Article & Photos By LYNETTE HAALAND, Four Points News
Nearly 13 years after the 2011 Labor Day weekend fires destroyed 23 homes in Steiner Ranch, there is now a new evacuation route to benefit the communities around it.
“We know this region is the highest wildfire danger region behind California,” said Brigid Shea, Travis County Commissioner, Precinct 2 during the ribbon cutting of the new road, located between Steiner and Montview on July 10.
Traffic backups made evacuations long and difficult in 2011 because there was only one major road and one minor road to exit the community.
“Some folks also remember the 2011 Steiner fire when there was… a bottleneck and cars were stuck in traffic for hours,” Shea said.
Steiner Ranch Residential Owners Association board president Debbie Tanner-Jacobs was one of those residents. “Thank goodness, I was here for 2011, this is great.”
“This infrastructure improvement will increase our ability to be better prepared when the next disaster strikes,” Shea said. “The emergency access route… will not only give residents another way in and out if they need to evacuate, it will allow emergency vehicles into Steiner if the main road is blocked.”
The road — which cost more than $2.5 million — not only benefits the more than 17,000 people who live in Steiner but also will help the smaller communities of Montview and communities along Lake Austin.
Robert Abbott, Lake Travis Fire Rescue chief, agrees.
“This is a tool, a community infrastructure tool… this is one tool in our toolbox that we don’t want to have to use but we know it is here and will use it if we need to,” Abbott shared. He added that a lot of communities do not have an evacuation road like this and that it is an asset to the community to have such a road.
Katharine Hardin, senior engineer with Travis County Transportation & Natural Resources, was project manager on the road that took six years from start to finish.
“We had a lot of meetings. We sat down and had some very hard discussions but we remembered to keep listening and moving forward and that’s what we did,” Hardin said.

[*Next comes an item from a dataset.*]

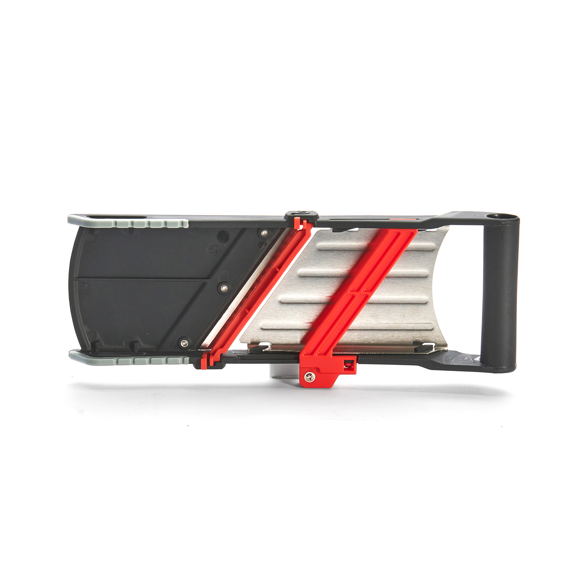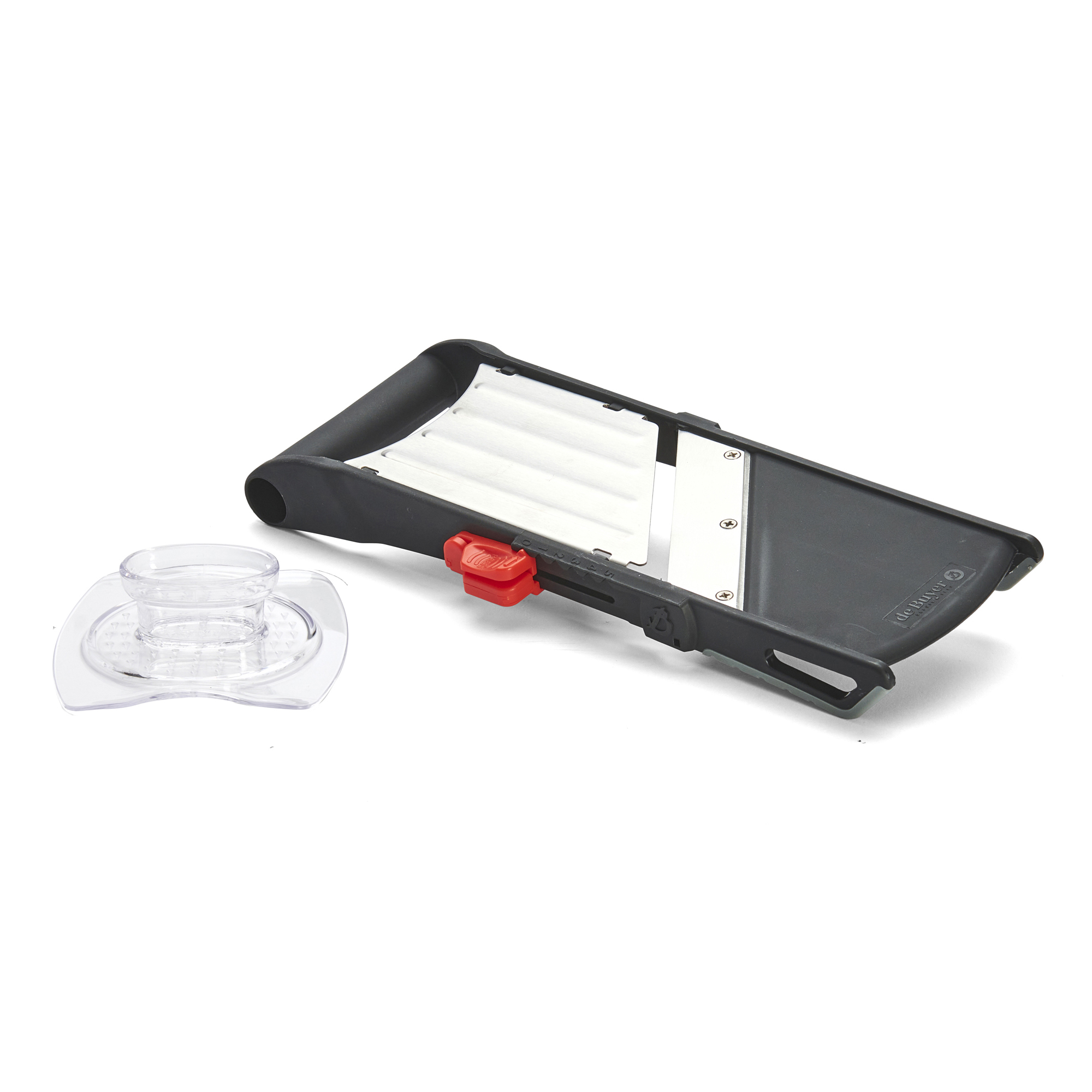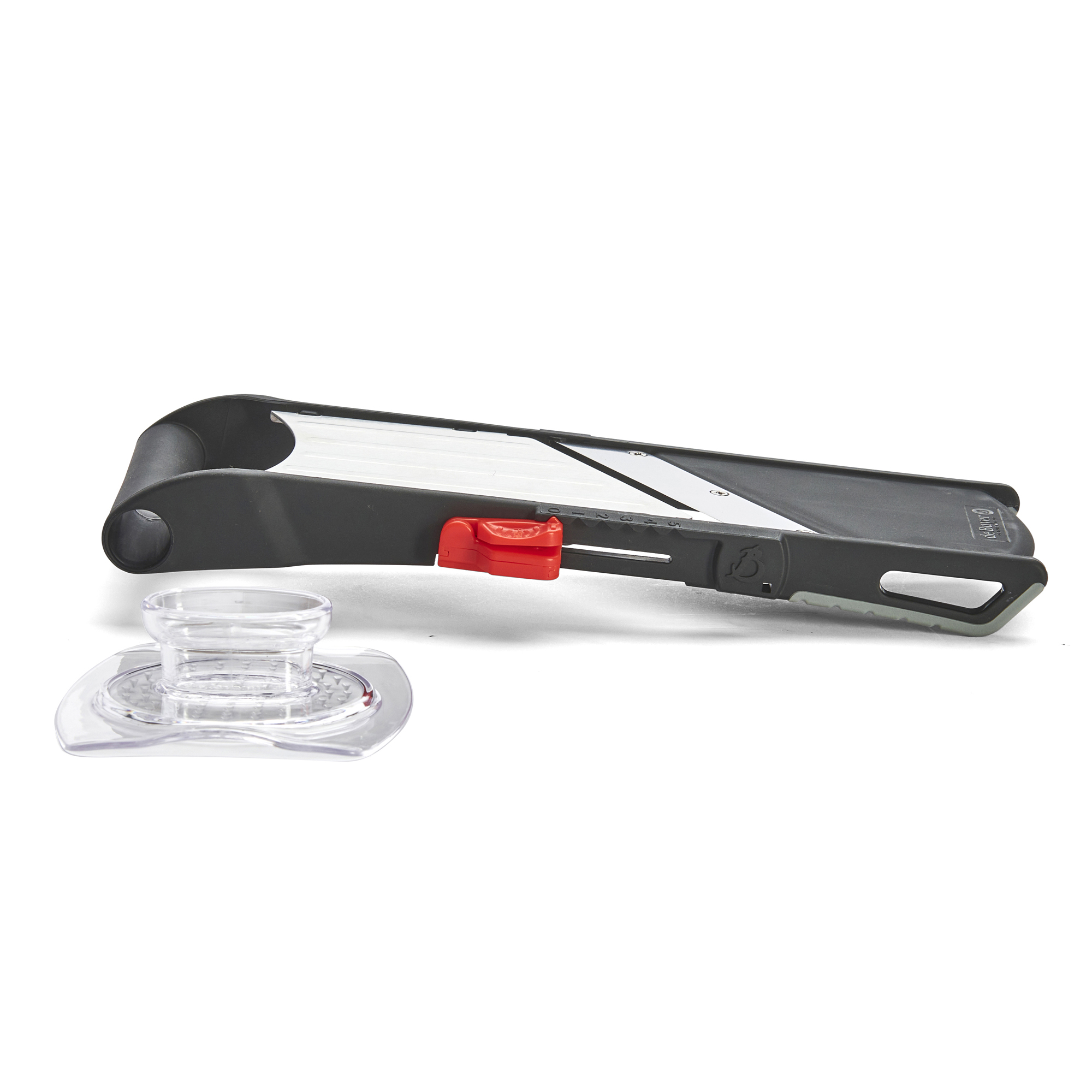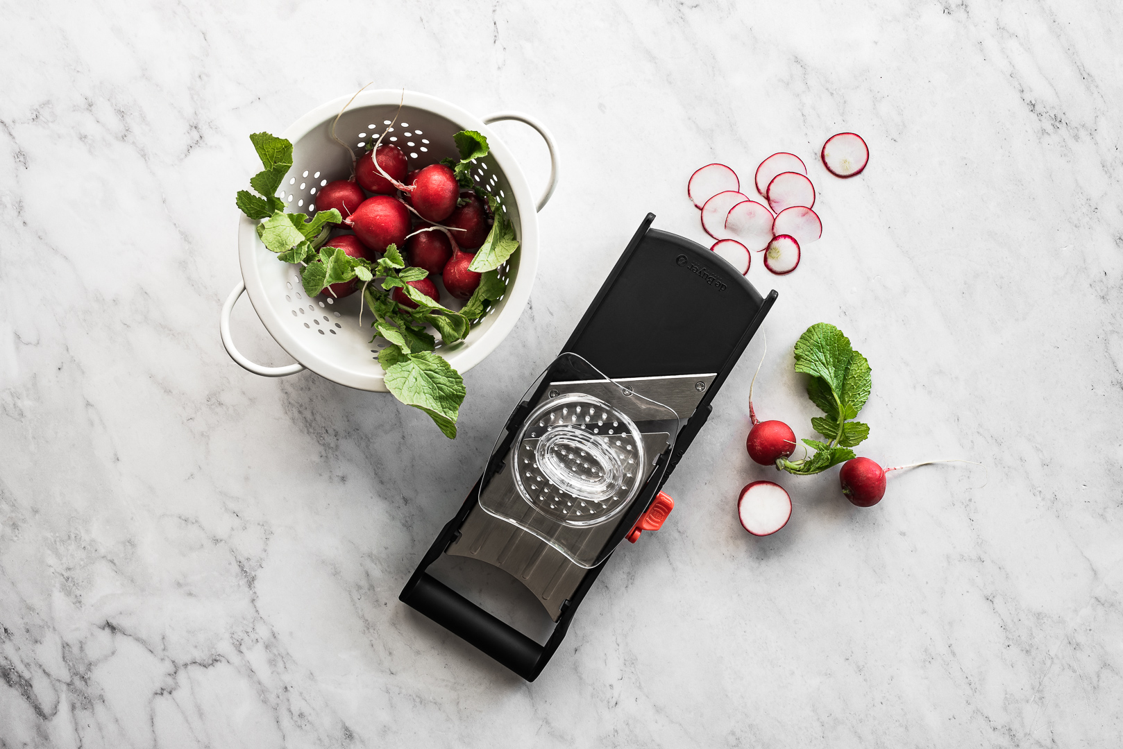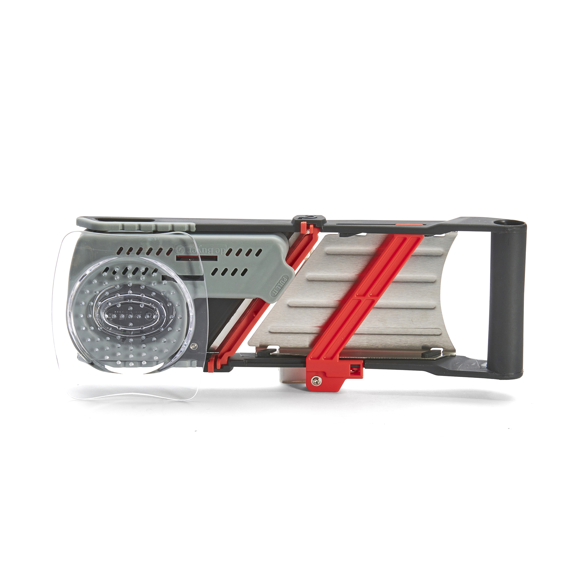 Използвате мандолина, за да нарежете, каймак и нарежете плодове и зеленчуци на Джулиен, дори меки домати. Дебелината на рязане може да се регулира в единици от по 1 мм всяка, с помощта на измервателния мащаб, изписан отстрани на мандолина.

Meetings with the community and pinpointing exactly where the road should go took two years, said David Greear, Travis County Public Works Director, at the ribbon cutting ceremony.
Not long after the 2011 wildfires, residents of Steiner Ranch started sharing frustrations of the hours-long evacuation. As part of the ETJ, they found that Travis County was their authority and residents started showing up to speak at Travis County Commissioner meetings.

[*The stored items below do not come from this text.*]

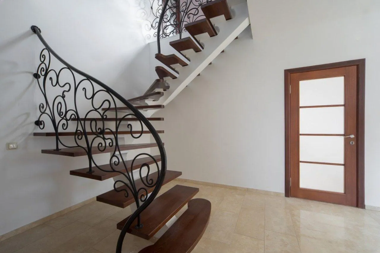 Основа композиции — белоснежный металлический монокосоур, который задает лестнице воздушный и динамичный силуэт. Мы изготовили для него ступени из цельного массива дуба, покрыв их прочным матовым лаком, который подчеркивает природную текстуру дерева. Особый шарм проекту придают лаконичные кованые перила черного цвета. Их изящные изогнутые линии, установленные в начале и конце марша, создают ощущение завершенности, не перегружая конструкцию.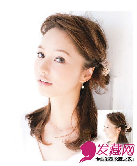 公主花苞头半扎发散发出浪漫的甜美气息,桃花盛开的日子里选择这样的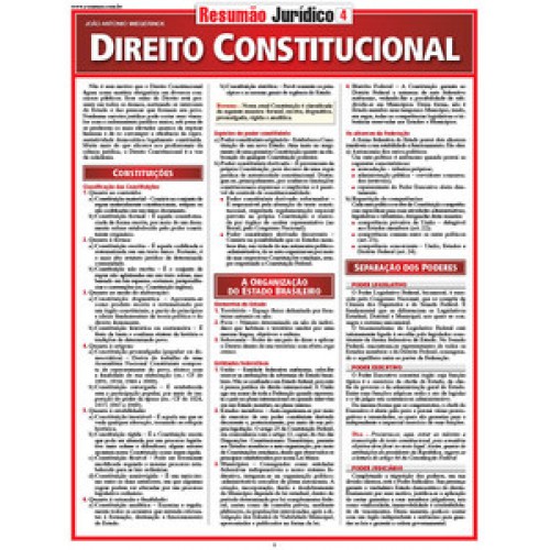 Classificação das constituições. Poder constituinte. A organização do Estado brasileiro. Separação dos poderes: Poder Legislativo, Poder Executivo, Poder Judiciário. Processo legislativo. Direitos e garantias fundamentais. Habeas corpus. Habeas data. Mandado de injunção. Ação popular. Mandado de segurança. Controle da constitucionalidade. Estado de exceção. Estado de defesa e estado de sítio. Destaque especial: princípios e direitos constitucionais, os direitos individuais e coletivos.

The county heard their concerns and started the process of finding a solution. They explored options on evacuation routes and looked at a dozen opportunities and presented them to the public in 2018.
But by late 2018, the selections garnered lots of pushback from the community especially after it appeared that a permanent road, route F, was endorsed by several key groups including emergency workers and a majority of the Steiner Ranch Master Association board of directors. This would have created an additional permanent road through the Steiner greenbelt to RM 620.
But by early 2019, hundreds of residents signed a petition against route F. Several meetings were held by Travis County and the HOA and they became heated with the vast majority of residents not wanting the permanent road. Then after the costly price estimates came in for route F, Travis County decided to proceed with route B.
“We moved in just after the fire and heard a lot about the confusion when they had the fire. We always thought there should be at least one more route… This is a good start and it’s good to see the results of four or five years of work,” said Bill Frazier, Steiner resident.
His wife Marilyn Frazier agrees. “This means a lot to us. I know a lot of people have worked very, very hard and we’re honored to be here today,” she said. The couple is part of Firewise.
“I hope that Steiner Ranch never has a wildfire again and that we never have to utilize this road,” said Amy Yukich, Steiner Ranch Master Association president.
“This is proof of what it takes for us to come together for this community and Montview and the Four Points area because it affects everybody,” said Tanner-Jacobs, board president of the Steiner Ranch Residential Owners Association. “Yes it took a long time and it took an awful lot of people coming together to put things into work, so thanks to the commissioners court, all the HOAs, and the residents who gave input.”